Frank Watson’s collection In the Dark, Soft Earth is filled with haiku-like moments, distillations of nature into short, punchy poems. In the zeitgeist there tends to be a lot of hand-wringing over concepts like nostalgia, as though looking at things through the haze of past experiences is the wrong way to go about life, but I don’t share the zeitgeist’s distaste for it[1]. And it seems that neither does Watson.

There’s a seemingly gossamer-hazed shimmer between narrator and the scenes being described that I quite like. The poems are direct and not lost in the poetic-for-poetic sense of language, but the emotional distance is both far away and close to home, much like the haiku I hold in highest esteem. Disconnected but utterly present. That’s what I mean when I say “gossamer-hazed shimmer.” It is at once touchable and also just outside of reach, the word on the tip of your tongue that you had available to you just before you actually needed it. You know it’s there, that if you could roll back just a second or two into the past you could get it, but physics does not allow for such time travel above the quantum state, so you sit in a pool of cognitive dissonance. This is the haiku moment for me, and this is the area where most of Watson’s poems take me. It’s why I have zero reservations recommending you buy this when it releases in July.

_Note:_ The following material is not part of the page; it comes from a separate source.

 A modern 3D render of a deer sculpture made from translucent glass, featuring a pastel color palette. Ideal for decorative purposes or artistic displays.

My favorite lines and stanzas in the collection come earliest on (perhaps because what I describe in the next paragraph shades my overall enjoyment just a touch), as in the poem “entangled,” “those eyes that flicker / like sunlit grass between / the fallen leaves.” I love this stanza because I could have written it, but somehow never put that connection together. In fact, I think that’s what I most admire about the collection as a whole. It’s real language and relatable, and just at the point where a poet reads it and thinks, “Dammit, I wish I’d written that.”

There are a few times when some of that personal connection breaks for me, but that says more about my distaste for rhyme in poetry than it does about the craft of the poem or poet. It’s definitely a personal taste problem, but just like some people dislike bitterness in coffee or beer, I find that rhyming is cloyingly saccharine to my ear. Again, this is not Watson’s problem as his poems are well-written and still have that haiku-like sense of timeless immediacy[2]. It’s entirely about me.

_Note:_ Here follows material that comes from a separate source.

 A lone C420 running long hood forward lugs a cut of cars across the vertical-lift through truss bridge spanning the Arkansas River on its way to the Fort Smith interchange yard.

Later on, in the fourth section of the book called “Percussion Mind,” there is a perfect haiku slap-dab in the middle of the poem “rhythms.”

in the dark
rhythms of the night
a cricket’s cry

In the Dark, Soft Earth by Frank Watson, pg. 57

This is without question my favorite moment in the entire collection. I would change not a single word in this haiku, and if it had stood on its own in any issue of Frogpond or Modern Haiku or Red Moon Press I’d have bookmarked it for future reference. I believe I will even pull it in as an example the next time I teach my creative writing course. That line break from “dark” to “rhythms” just floors me.

This is a collection well worth a spot on your nightstand. Even more than that, it’s a collection well worth a spot in your brain. The book is available to pre-order at Amazon right now – https://www.amazon.com/Dark-Soft-Earth-Poetry-Spirituality/dp/1939832209/


[1] Indeed, I named my latest collection Nostalgia and Ruin.

[2] Yes, oxymoronic in phrasing, but I don’t really know how to express it better than that two-word phrase. The best haiku are both immediate moments personal to the poet and immutable truths universal to all readers.

(I was provided an e-ARC to review, but I will buy it when it releases just to show my support.)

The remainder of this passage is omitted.